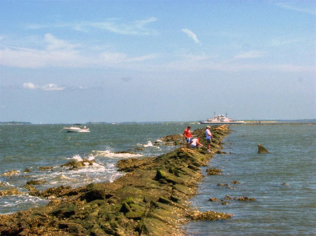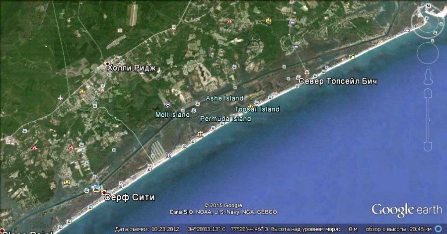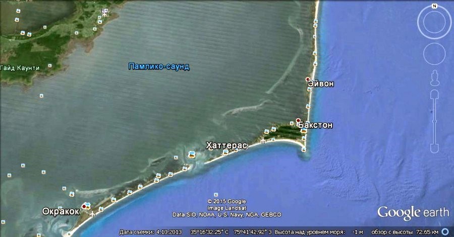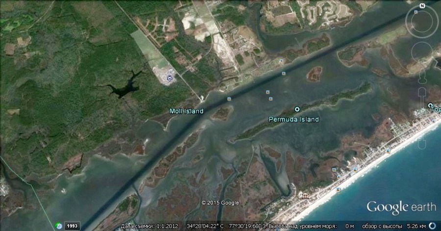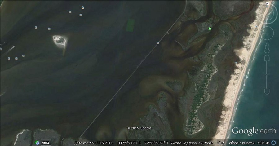 Есть там на восточном побережье, в штате Северная Каролина одно очень любопытное место. И там тоже каменные плиты на берегу. То есть в этом нет никаких сомнений — действительно сделано руками людей. Там вообще много чего люди своими руками понаделали. И даже называют время строительства и не только время, но и причину. Так и говорят, что, мол, вот эта дамба была построена в 1881 Инженерным корпусом армии США году для целей навигации. Э-э-э... может я слабо разбираюсь в навигации, но всегда считал, что для целей навигации лучше подходят какие-то заметные издаля объекты... горы например. А если что-то и строить, то намного привычнее был бы маяк. Но заходить в чужой монастырь со своими правилами как-то не очень приветствуется. Может американцам так и лучше. Давайте просто посмотрим на это чудо навигационной мысли:
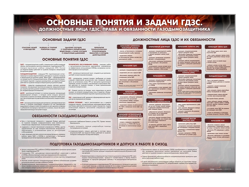 Стенд "Основные понятия и задачи ГДЗС. Должностные лица ГДЗС, права и обязанности газодымозащитника"
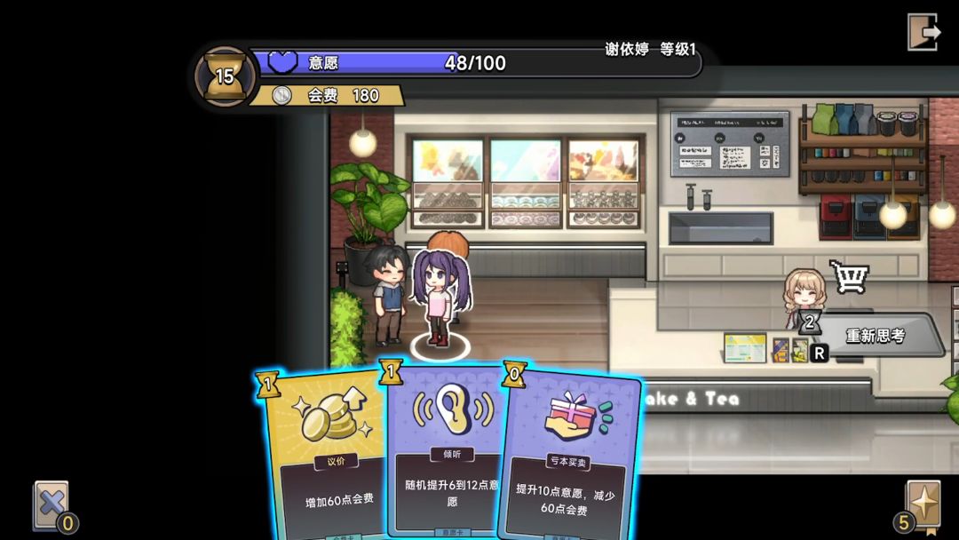 本作将这种模拟经营的玩法与视觉小说的内容进行融合,其实初见还是有些新颖的,他的模拟经营并不像开罗系列游戏那样的呆板,其中还内置了卡牌玩法,随着等级的提升,还有更加难拿下的客户,那么你就要不断的去优化自己的打法。

* _Task statement_
Restate the listing above word for word. Leave the images out.

* _Exercise solution_
 Есть там на восточном побережье, в штате Северная Каролина одно очень любопытное место. И там тоже каменные плиты на берегу. То есть в этом нет никаких сомнений — действительно сделано руками людей. Там вообще много чего люди своими руками понаделали. И даже называют время строительства и не только время, но и причину. Так и говорят, что, мол, вот эта дамба была построена в 1881 Инженерным корпусом армии США году для целей навигации. Э-э-э... может я слабо разбираюсь в навигации, но всегда считал, что для целей навигации лучше подходят какие-то заметные издаля объекты... горы например. А если что-то и строить, то намного привычнее был бы маяк. Но заходить в чужой монастырь со своими правилами как-то не очень приветствуется. Может американцам так и лучше. Давайте просто посмотрим на это чудо навигационной мысли:
 Стенд "Основные понятия и задачи ГДЗС. Должностные лица ГДЗС, права и обязанности газодымозащитника"
 本作将这种模拟经营的玩法与视觉小说的内容进行融合,其实初见还是有些新颖的,他的模拟经营并不像开罗系列游戏那样的呆板,其中还内置了卡牌玩法,随着等级的提升,还有更加难拿下的客户,那么你就要不断的去优化自己的打法。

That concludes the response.